Modern fencing's pseudo-weapons are much lighter, softer, and faster than their historical counter-parts.  Their contrived rules of play have very little to do with any elements of Renaissance swordsmanship.  The modern fencing foil was never a weapon.  It was invented in the last century as a practice tool for the epee'.  The modern fencing epee' is a 19th century dueling version of the earlier small-sword. Their familiar cup-hilts were also a rarity on Renaissance swords (where they actually did not even first appear until around the 1660s).  While modern sport fencing instruction can indeed teach historical-fencers today useful physical mechanics of movement and form, it is by no means a "higher" form of sword fighting.  It is a specialized sport which observes its own rules and constraints.

Considering the magnitude of false assumptions and general ignorance that most Americans and Westerners have about their European martial heritage, these facts about Renaissance martial arts need to be noted.  It seems a good deal of what people generally believe with regard to Renaissance or Medieval fighting is inaccurate fantasy and Hollywood inspired cliché'.  As well, most of what's commonly presented at Renaissance festivals is notoriously inaccurate and invariably only a form of exaggerated theatrical-combat.  Few historical re-enactment troupes utilize much more than standard sport fencing techniques adopted for heavier stage-combat weapons.  Historical-fencers reconstructing and practicing forms of Renaissance swordsmanship today learn and train though full-contact sparring and through the handling of (and test-cutting with) historically accurate replica blades.  It is far more involved than either the illusions of theatrical stage performances or the limitations of modern sport fencing.  It is important to discern between the practices of costumed theorists or role-players, and earnest students and scholars of the sword.

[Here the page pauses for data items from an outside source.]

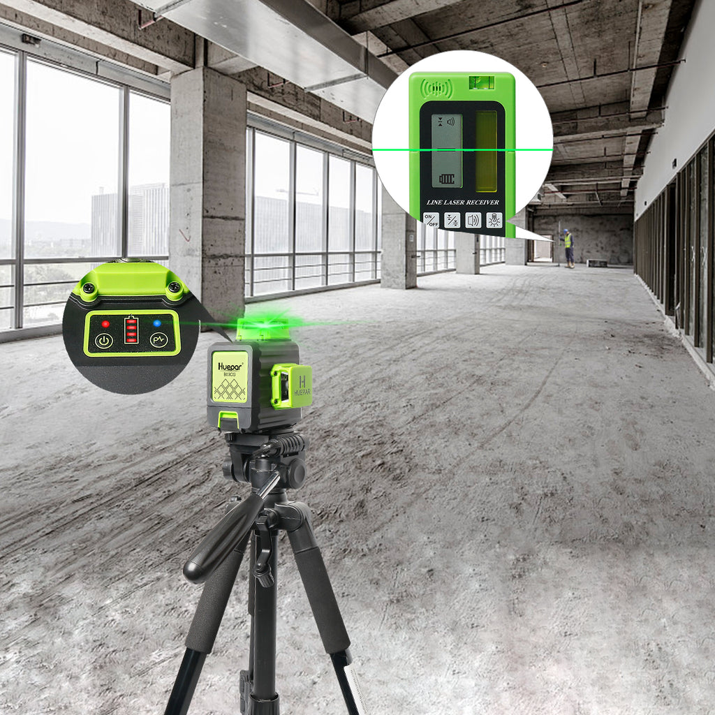 GREEN LASER & OUTDOOR PULSE MODE: This laser tool projects green laser which is up to 4 times brighter than standard red beams, the leveling laser has a working range up to 130Ft with an accuracy of +/- 1/9" at 33Ft. Besides brighter green beam, an outdoor pulse mode extends the laser range up to 200Ft with Huepar Line Laser Receiver in bright-light or outdoor conditions.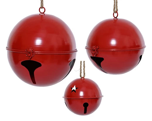 Set of 3 Red Oversized Metal Christmas Bell Decorations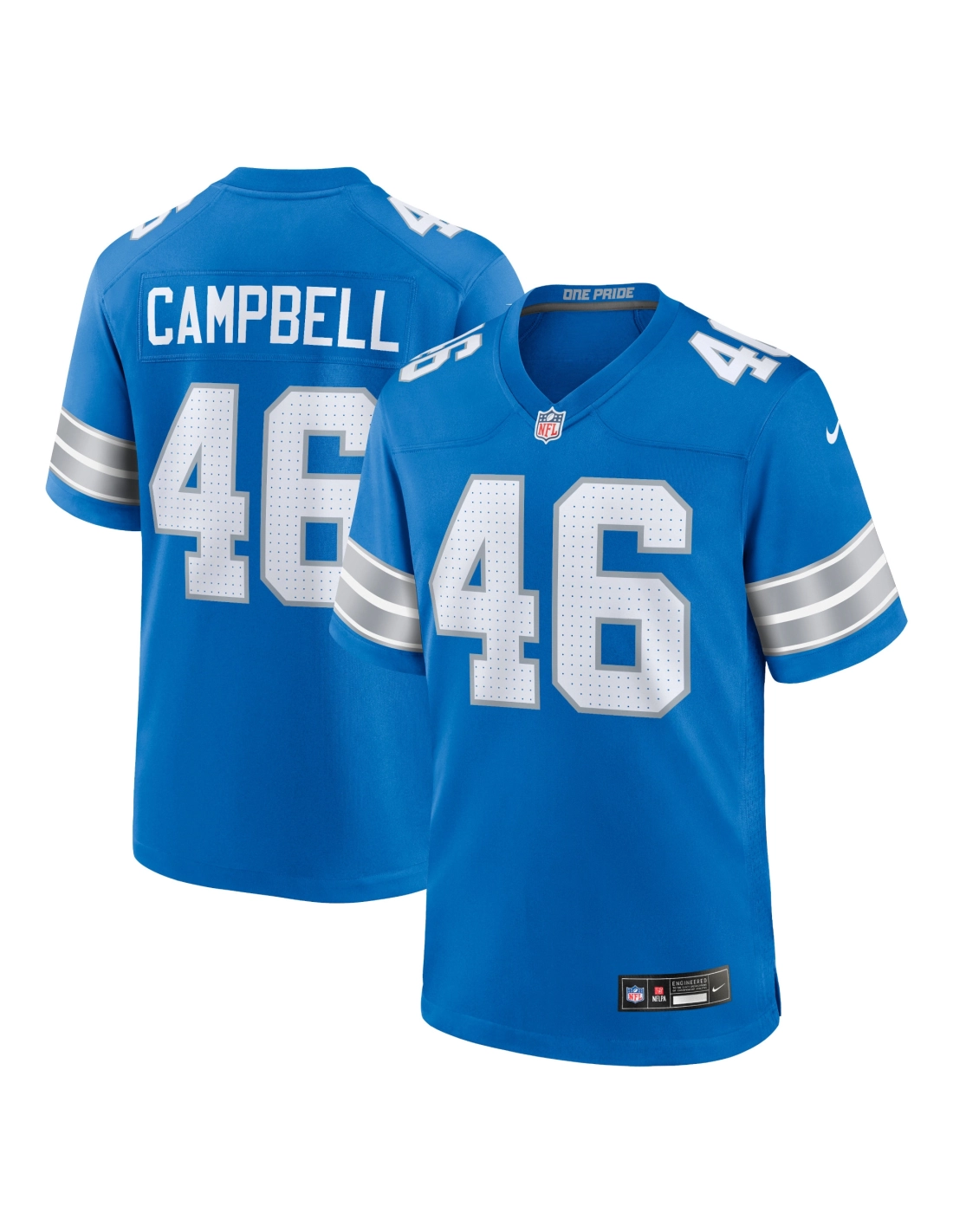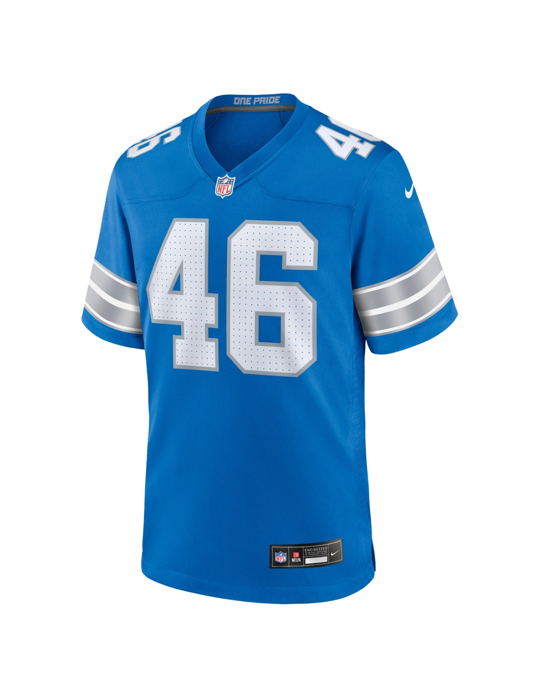 Sewn-on NFL Shield at collar and satin twill woven jock tag at hem

This brief examination cannot possibly do any more than touch on a subject as diverse and complex as Renaissance swordsmanship.  The numerous historical manuals on the cut & thrust form and the rapier are invaluable sources for techniques and insights into authentic Renaissance fighting skills.  Study of the different sword forms compliment one another and lead to a broader understanding of the ideas found in the texts of the great Masters of Defence. As a fighting tradition in Europe, Renaissance martial-arts became virtually extinct  and today, no direct lineage back to true historical schools or instructors really survives.  But through the efforts of scholars and students our heritage of these "Noble Sciences" can and is being recovered.  For some time, there has been growing movements to actively replicate the skills of the European Masters as legitimate martial arts and help rediscover and promote our rich Western martial heritage.  Today, practitioners of historical renaissance swordsmanship, or "the Arte of Defence" as it was known, are reviving and reconstructing our knowledge and skills of these once sophisticated and highly effective martial arts.  They are not trying to reinvent or merely interpret, but to replicate and rebuild them.  In the process they have succeed in creating a new standard for scholarship and study.